Her commission project for Artist Development Fund is inspired by the everyday rituals of Muslim women in Great Britain. Her photographs have been featured in Vogue, The Guardian and The New York Times. An accomplished writer, she won Wasafiri Magazine’s New Writing Prize for poetry in 2015. She is a member of Octavia, poetry collective for womxn of color, and is a former Barbican Young Poet.
Image credit: Ejatu Shaw.
Ejatu Shaw
Ejatu Shaw is a London-based visual artist and multidisciplinary content creator. Working with both analogue and digital photography, she creates imagery around the theme of identity and her own personal experiences with it. She also has a YouTube channel where she releases videos about photography, sharing what goes on behind the scenes of her photoshoots.
Her commission project for Artist Development Fund is inspired by Black girl/boy joy, as well as Black love and families. Her work has been featured in publications including DAZED, Indie Mag, Hypebeast, Okay Africa, Vogue, Afropunk, Reform the Fund, 1991 Zine, Notion Mag, Fader, and others.
Image credit: Andrea Vollgas.
Andrea Vollgas
Andrea Vollgas, also known as Vollgas Studio, is a queer, feminist illustrator, storyteller and creative mentor, living and working between Germany and Switzerland.
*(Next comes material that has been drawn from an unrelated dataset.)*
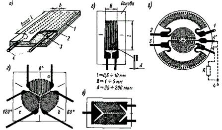 Конструкции и технические характеристики дискретных металлических и полупроводниковых тензорезисторов. Устройство наиболее распространенного типа наклеиваемого проволочного тензорезистора изображено на рис. 2-13, а. На полоску тонкой бумаги или лаковую пленку 2 наклеивается так называемая решетка из зигзагообразно уложенной тонкой проволоки 3 диаметром 0,02–0,05 мм. К концам проволоки присоединяются (пайкой или сваркой) выводные медные проводники 4. Сверху преобразователь покрывается слоем лака 1. Такой преобразователь, будучи приклеенным к испытуемой детали, воспринимает деформации ее поверхностного слоя. Измерительной базой преобразователя является длина детали, занимаемая проволокой. Наиболее часто используются преобразователи с базами 5–20 мм, обладающие сопротивлением 30–500 Ом.

She believes that all people have the power to challenge preconceived notions and break through inauthentic social expectations and standards of beauty.
In her work, Andrea visualizes diverse voices by people and small businesses. These colorful depictions question the status quo and tell stories of uniqueness and feminism. Her goal is to use her artwork to create a truly diverse and representative visualization of today’s society and beliefs. Her commission project for Artist Development Fund is focused on visibility for the underrepresented, and will feature womxn, the LGBTQIA+ community, and the variation of body types and their beauty through her illustrations.